**Work task**
Working from the start of the listing, please write out exactly the lines through the one that holds "2025年,圣联梦溪小镇别墅在贝系有一套成交,单价1.26万,总价280万。", both included, and omit all pictures.
[Opening Data section section]
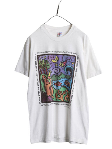 | 商品名 | 90s USA製 メッセージ アート イラスト プリント Tシャツ メンズ M 古着 オールド シングルステッチ ヘビーウェイト グラフィック ホワイト |
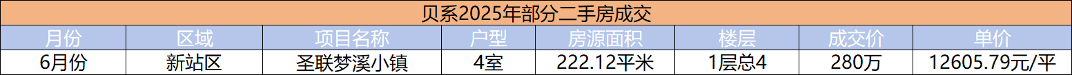 2025年,圣联梦溪小镇别墅在贝系有一套成交,单价1.26万,总价280万。
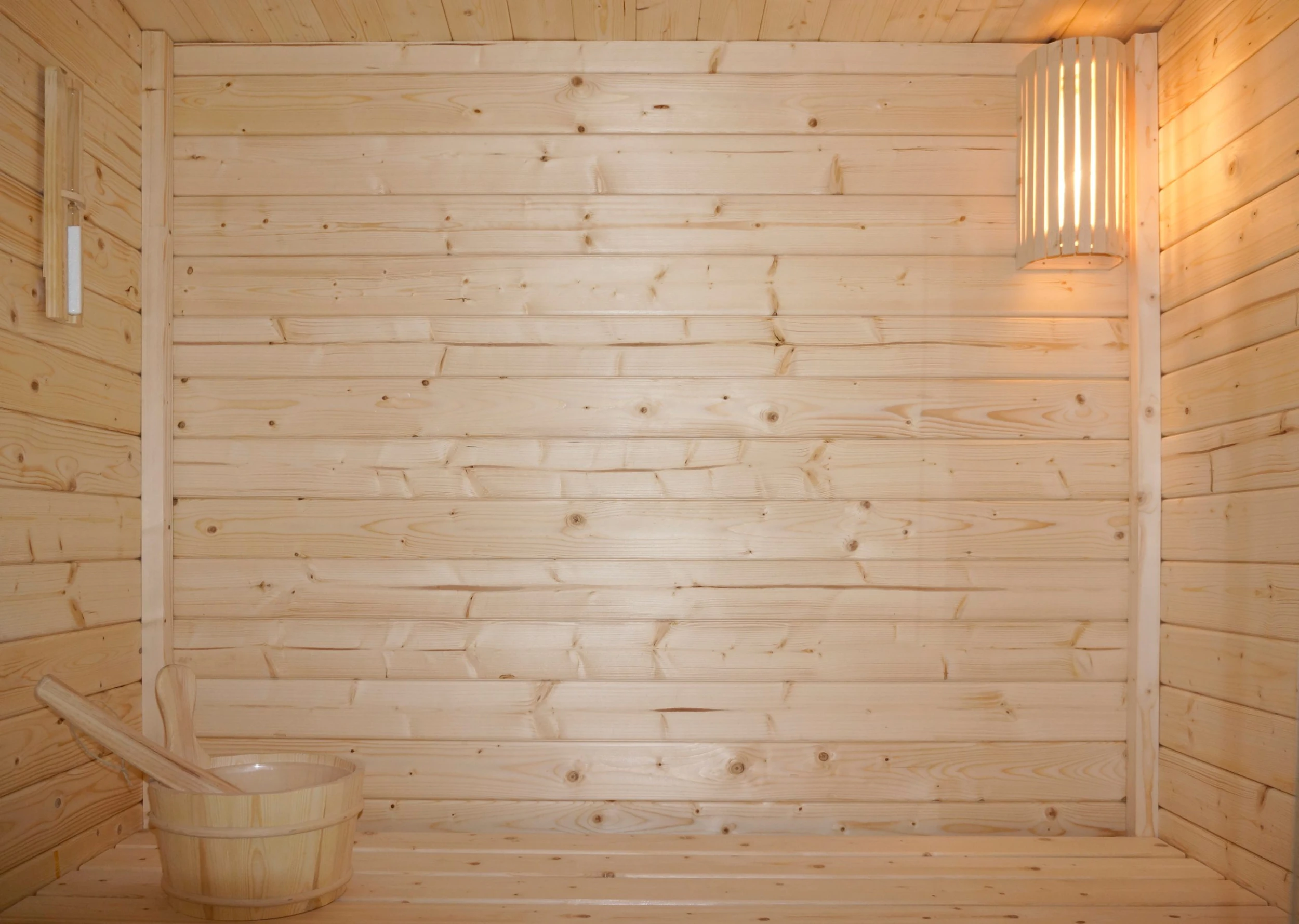 Beim Kauf Deiner TALO M Sauna erhältst Du alles, was Du für einen ordentlichen Saunagang benötigst. Zu dem exklusiven Sauna-Set gehören Kelch, Kelle, Sanduhr, Thermometer und Saunasteine. Für die Beleuchtung sorgt eine Lampe mit angenehmem, warmem Licht. Das Schutzgitter der Lampe verteilt das Licht und sorgt für ein angenehmes Ambiente.
[Closing Data section section]
**Your solution**
 | 商品名 | 90s USA製 メッセージ アート イラスト プリント Tシャツ メンズ M 古着 オールド シングルステッチ ヘビーウェイト グラフィック ホワイト |
 2025年,圣联梦溪小镇别墅在贝系有一套成交,单价1.26万,总价280万。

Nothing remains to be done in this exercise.